### MATERIAL PROVIDED

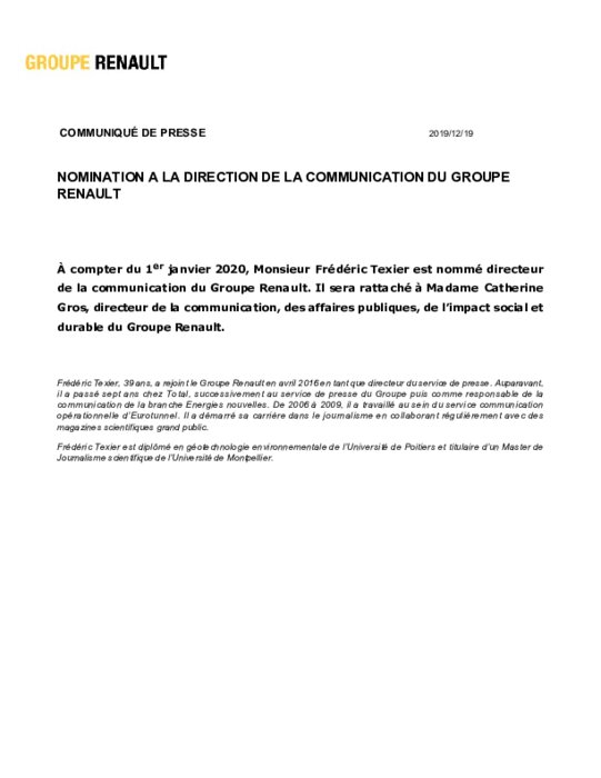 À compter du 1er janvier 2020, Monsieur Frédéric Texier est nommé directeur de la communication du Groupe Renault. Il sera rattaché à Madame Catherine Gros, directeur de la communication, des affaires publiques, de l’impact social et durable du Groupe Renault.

* * *

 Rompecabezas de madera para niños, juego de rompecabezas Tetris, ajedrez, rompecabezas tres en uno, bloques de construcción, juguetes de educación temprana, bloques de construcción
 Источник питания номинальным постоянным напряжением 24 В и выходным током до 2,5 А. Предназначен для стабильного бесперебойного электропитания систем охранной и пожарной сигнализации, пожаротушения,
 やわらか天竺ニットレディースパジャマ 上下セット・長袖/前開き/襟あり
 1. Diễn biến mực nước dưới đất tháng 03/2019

### WORK TASK
Reproduce exactly, and only, the part of the listing above that begins at the line with "Источник питания номинальным" and goes on through the line with "1. Diễn biến mực nước dưới đất tháng 03/2019".

### RESULT OF THE EXERCISE
 Источник питания номинальным постоянным напряжением 24 В и выходным током до 2,5 А. Предназначен для стабильного бесперебойного электропитания систем охранной и пожарной сигнализации, пожаротушения,
 やわらか天竺ニットレディースパジャマ 上下セット・長袖/前開き/襟あり
 1. Diễn biến mực nước dưới đất tháng 03/2019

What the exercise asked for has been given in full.